-------- Data to examine

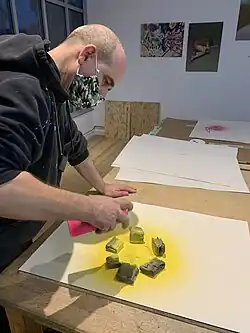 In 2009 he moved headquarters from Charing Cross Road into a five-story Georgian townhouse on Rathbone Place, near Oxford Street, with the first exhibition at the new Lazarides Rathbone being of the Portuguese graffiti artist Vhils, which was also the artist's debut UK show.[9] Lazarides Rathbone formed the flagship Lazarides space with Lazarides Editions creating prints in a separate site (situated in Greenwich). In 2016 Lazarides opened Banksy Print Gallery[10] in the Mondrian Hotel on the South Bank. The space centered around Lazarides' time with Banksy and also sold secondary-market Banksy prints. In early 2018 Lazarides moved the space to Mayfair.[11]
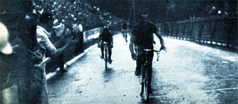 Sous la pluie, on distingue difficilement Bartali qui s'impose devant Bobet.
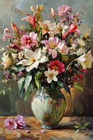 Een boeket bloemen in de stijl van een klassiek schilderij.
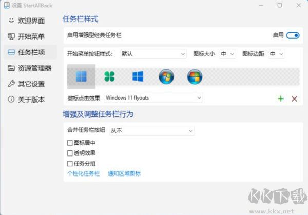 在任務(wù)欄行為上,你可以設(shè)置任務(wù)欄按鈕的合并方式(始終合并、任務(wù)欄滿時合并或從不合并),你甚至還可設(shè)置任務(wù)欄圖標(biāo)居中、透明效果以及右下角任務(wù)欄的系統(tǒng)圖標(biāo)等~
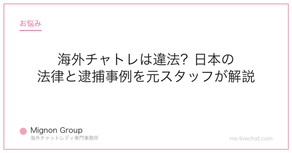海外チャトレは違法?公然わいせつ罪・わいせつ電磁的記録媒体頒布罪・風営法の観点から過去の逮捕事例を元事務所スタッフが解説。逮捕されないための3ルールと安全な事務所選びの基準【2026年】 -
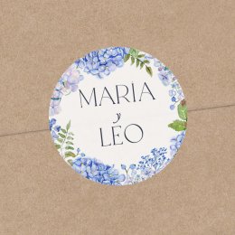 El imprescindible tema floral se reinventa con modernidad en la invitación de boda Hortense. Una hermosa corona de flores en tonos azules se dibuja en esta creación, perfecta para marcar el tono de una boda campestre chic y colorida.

----------------
-------- Data to examine

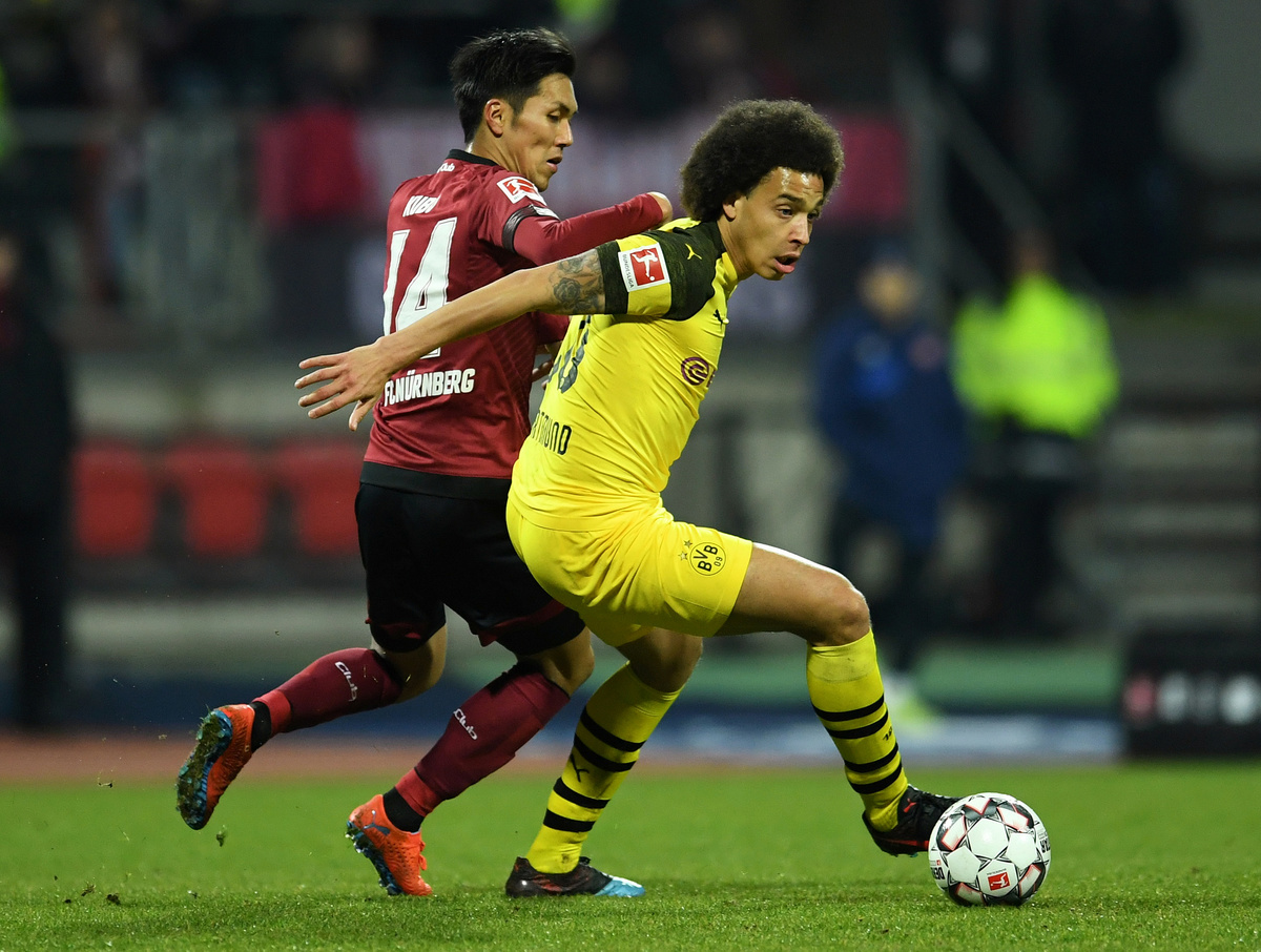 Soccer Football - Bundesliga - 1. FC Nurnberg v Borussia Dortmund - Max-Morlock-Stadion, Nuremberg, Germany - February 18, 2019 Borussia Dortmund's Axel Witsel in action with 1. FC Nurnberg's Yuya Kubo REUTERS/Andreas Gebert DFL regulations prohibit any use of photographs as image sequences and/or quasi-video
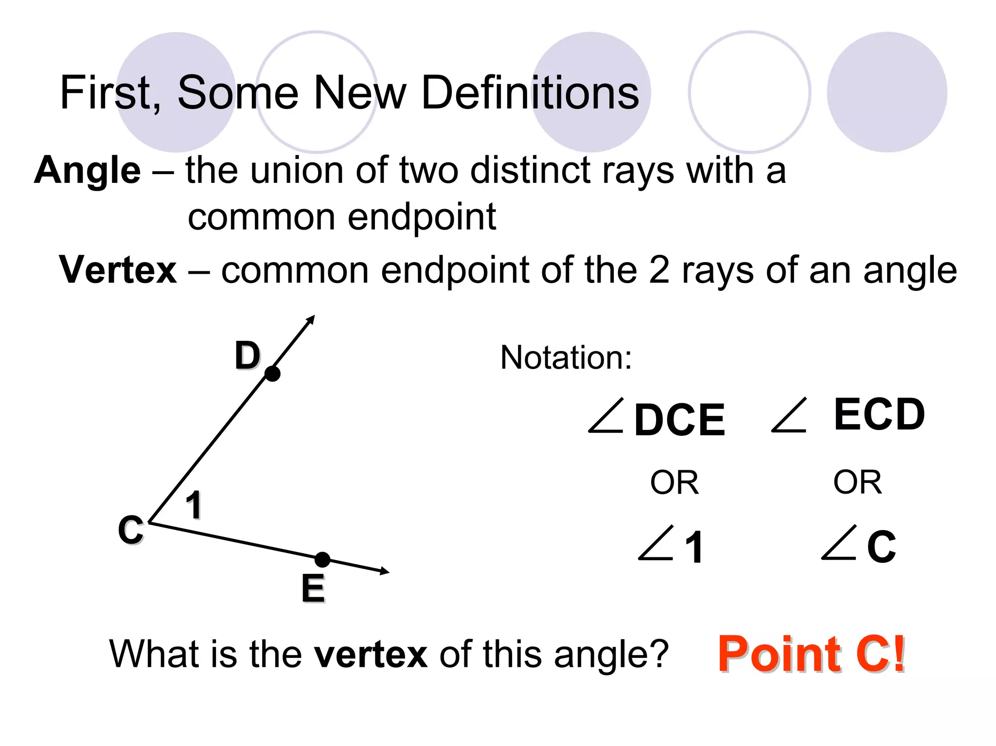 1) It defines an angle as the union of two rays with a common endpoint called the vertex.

----------------
-------- Data to examine

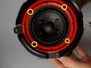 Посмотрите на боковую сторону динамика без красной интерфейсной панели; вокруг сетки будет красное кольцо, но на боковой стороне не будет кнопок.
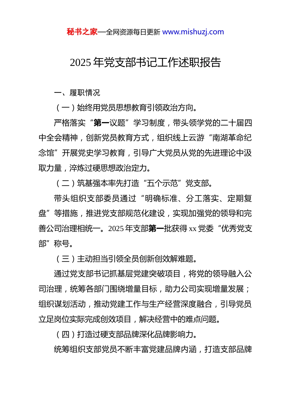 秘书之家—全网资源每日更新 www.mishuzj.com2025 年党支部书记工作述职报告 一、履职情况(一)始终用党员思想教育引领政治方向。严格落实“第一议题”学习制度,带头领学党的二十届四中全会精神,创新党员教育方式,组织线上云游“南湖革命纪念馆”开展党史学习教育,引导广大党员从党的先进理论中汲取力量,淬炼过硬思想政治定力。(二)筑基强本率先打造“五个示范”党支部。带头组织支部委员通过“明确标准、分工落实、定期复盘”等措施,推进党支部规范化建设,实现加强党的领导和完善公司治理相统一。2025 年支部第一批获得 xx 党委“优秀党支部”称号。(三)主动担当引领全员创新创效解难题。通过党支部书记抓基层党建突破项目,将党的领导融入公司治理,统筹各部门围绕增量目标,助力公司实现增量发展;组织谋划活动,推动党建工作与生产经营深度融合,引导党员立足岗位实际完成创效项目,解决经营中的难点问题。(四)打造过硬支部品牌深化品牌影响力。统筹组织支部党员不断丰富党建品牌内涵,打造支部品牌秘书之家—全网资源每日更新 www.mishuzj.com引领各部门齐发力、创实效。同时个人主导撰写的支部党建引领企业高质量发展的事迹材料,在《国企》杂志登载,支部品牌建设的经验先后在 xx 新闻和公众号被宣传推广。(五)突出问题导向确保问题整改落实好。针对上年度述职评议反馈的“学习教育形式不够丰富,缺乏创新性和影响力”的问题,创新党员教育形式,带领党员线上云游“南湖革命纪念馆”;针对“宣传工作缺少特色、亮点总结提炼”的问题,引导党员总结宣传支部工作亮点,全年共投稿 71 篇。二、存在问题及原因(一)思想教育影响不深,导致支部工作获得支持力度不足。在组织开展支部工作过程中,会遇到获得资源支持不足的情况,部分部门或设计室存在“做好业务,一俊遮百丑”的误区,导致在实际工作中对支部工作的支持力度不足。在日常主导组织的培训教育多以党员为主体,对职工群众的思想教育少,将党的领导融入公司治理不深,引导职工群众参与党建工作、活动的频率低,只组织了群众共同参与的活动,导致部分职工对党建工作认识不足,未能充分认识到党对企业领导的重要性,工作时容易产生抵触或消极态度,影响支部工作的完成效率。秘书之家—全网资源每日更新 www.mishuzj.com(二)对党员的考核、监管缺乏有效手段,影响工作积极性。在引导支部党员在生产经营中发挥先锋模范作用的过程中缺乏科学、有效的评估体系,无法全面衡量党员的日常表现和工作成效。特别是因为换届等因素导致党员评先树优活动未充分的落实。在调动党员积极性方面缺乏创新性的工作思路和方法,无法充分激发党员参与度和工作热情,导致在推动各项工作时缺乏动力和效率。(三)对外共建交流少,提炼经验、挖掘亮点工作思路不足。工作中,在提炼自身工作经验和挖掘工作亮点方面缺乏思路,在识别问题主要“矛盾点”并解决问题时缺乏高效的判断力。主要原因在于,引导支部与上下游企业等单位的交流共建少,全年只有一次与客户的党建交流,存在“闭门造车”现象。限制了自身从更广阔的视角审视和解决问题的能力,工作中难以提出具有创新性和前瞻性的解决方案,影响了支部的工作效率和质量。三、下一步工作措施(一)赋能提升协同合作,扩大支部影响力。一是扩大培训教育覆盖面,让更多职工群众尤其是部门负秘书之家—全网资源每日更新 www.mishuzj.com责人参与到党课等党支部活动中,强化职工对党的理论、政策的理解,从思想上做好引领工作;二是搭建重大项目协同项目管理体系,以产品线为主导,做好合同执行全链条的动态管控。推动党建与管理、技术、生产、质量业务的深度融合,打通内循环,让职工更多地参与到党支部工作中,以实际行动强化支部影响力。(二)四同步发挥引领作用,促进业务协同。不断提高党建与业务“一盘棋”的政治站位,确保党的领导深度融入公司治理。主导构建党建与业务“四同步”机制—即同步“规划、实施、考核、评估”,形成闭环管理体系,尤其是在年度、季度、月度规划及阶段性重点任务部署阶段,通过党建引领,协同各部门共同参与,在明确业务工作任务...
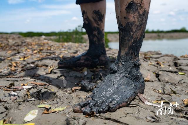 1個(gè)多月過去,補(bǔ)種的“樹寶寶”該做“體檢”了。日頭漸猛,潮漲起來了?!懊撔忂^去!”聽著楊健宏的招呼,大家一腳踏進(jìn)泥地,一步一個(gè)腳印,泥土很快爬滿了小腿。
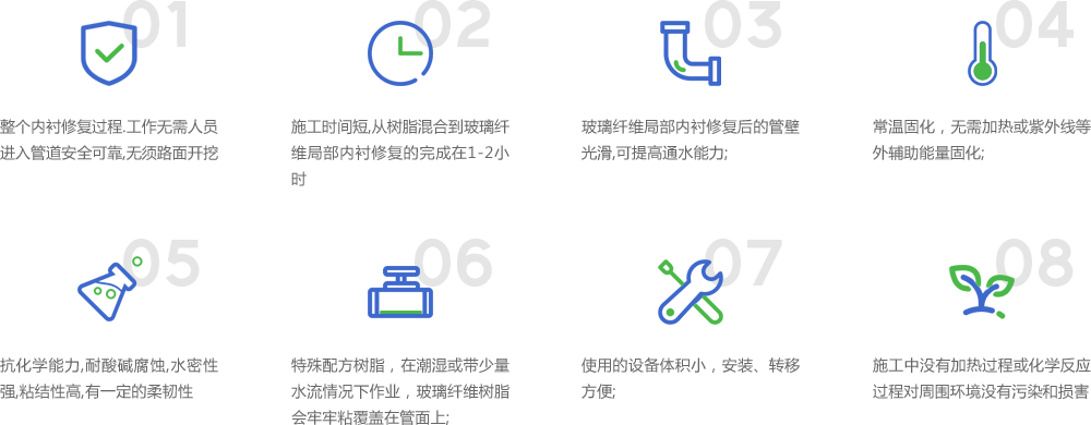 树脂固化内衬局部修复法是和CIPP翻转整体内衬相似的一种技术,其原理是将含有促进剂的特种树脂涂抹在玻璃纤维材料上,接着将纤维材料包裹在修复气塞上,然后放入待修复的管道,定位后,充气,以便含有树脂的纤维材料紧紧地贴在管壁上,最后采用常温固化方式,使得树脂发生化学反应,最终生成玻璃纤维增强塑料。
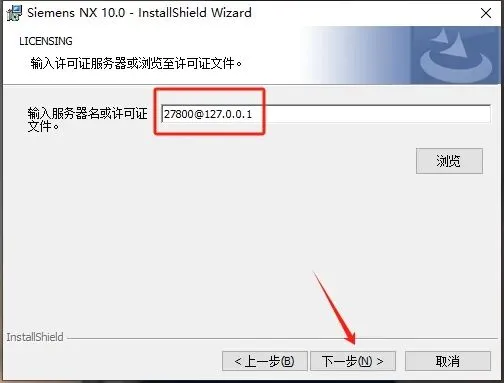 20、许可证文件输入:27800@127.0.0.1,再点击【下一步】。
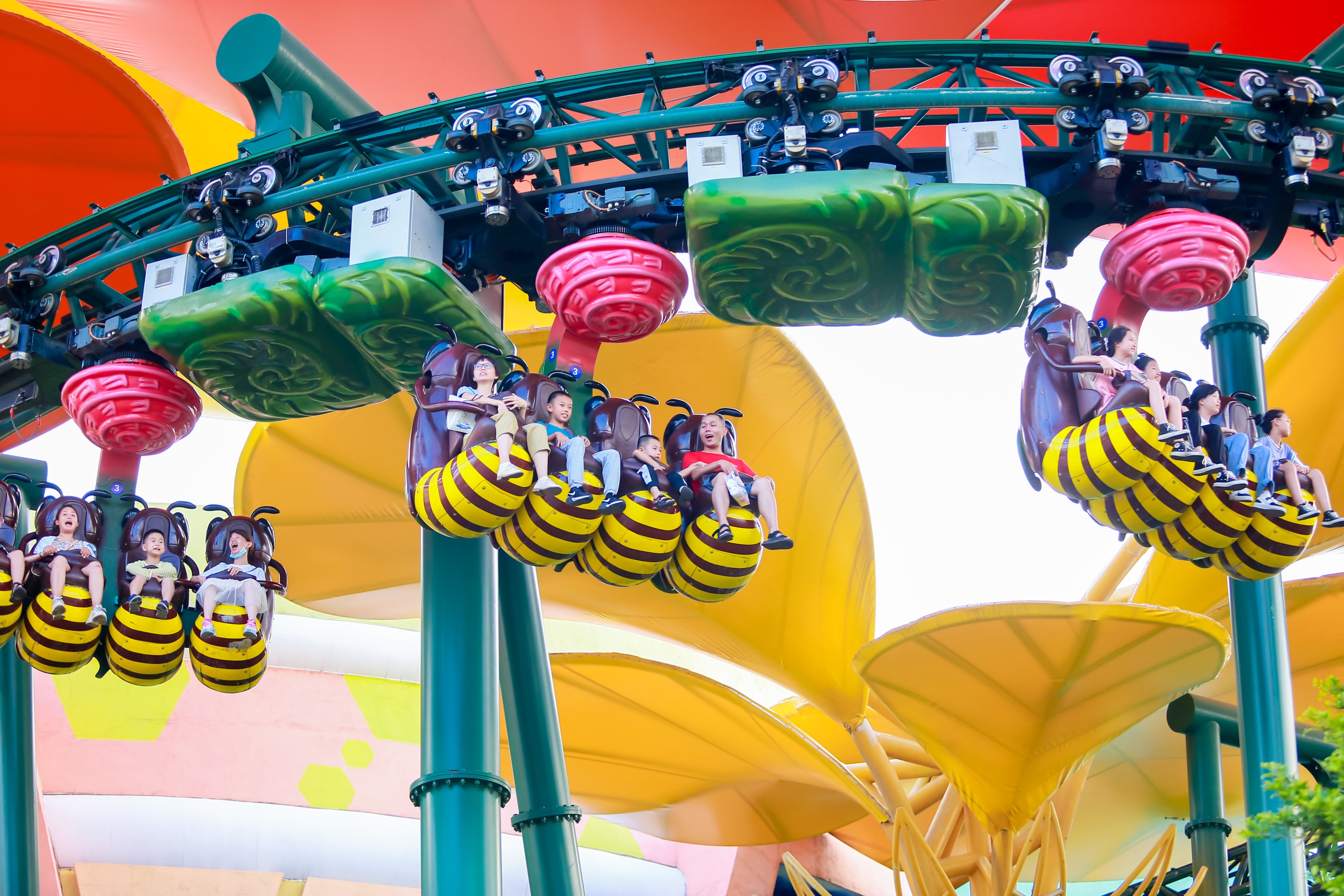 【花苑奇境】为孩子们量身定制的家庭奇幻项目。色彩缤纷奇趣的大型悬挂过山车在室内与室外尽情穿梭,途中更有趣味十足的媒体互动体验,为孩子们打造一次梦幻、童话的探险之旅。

----------------

#### Your task
Those lines of the records above that run from the one containing "In 2009 he moved" through the one containing "El imprescindible tema" should be returned exactly, with no pictures among them.

#### Solution to the problem
 In 2009 he moved headquarters from Charing Cross Road into a five-story Georgian townhouse on Rathbone Place, near Oxford Street, with the first exhibition at the new Lazarides Rathbone being of the Portuguese graffiti artist Vhils, which was also the artist's debut UK show.[9] Lazarides Rathbone formed the flagship Lazarides space with Lazarides Editions creating prints in a separate site (situated in Greenwich). In 2016 Lazarides opened Banksy Print Gallery[10] in the Mondrian Hotel on the South Bank. The space centered around Lazarides' time with Banksy and also sold secondary-market Banksy prints. In early 2018 Lazarides moved the space to Mayfair.[11]
 Sous la pluie, on distingue difficilement Bartali qui s'impose devant Bobet.
 Een boeket bloemen in de stijl van een klassiek schilderij.
 在任務(wù)欄行為上,你可以設(shè)置任務(wù)欄按鈕的合并方式(始終合并、任務(wù)欄滿時合并或從不合并),你甚至還可設(shè)置任務(wù)欄圖標(biāo)居中、透明效果以及右下角任務(wù)欄的系統(tǒng)圖標(biāo)等~
海外チャトレは違法?公然わいせつ罪・わいせつ電磁的記録媒体頒布罪・風営法の観点から過去の逮捕事例を元事務所スタッフが解説。逮捕されないための3ルールと安全な事務所選びの基準【2026年】 -
 El imprescindible tema floral se reinventa con modernidad en la invitación de boda Hortense. Una hermosa corona de flores en tonos azules se dibuja en esta creación, perfecta para marcar el tono de una boda campestre chic y colorida.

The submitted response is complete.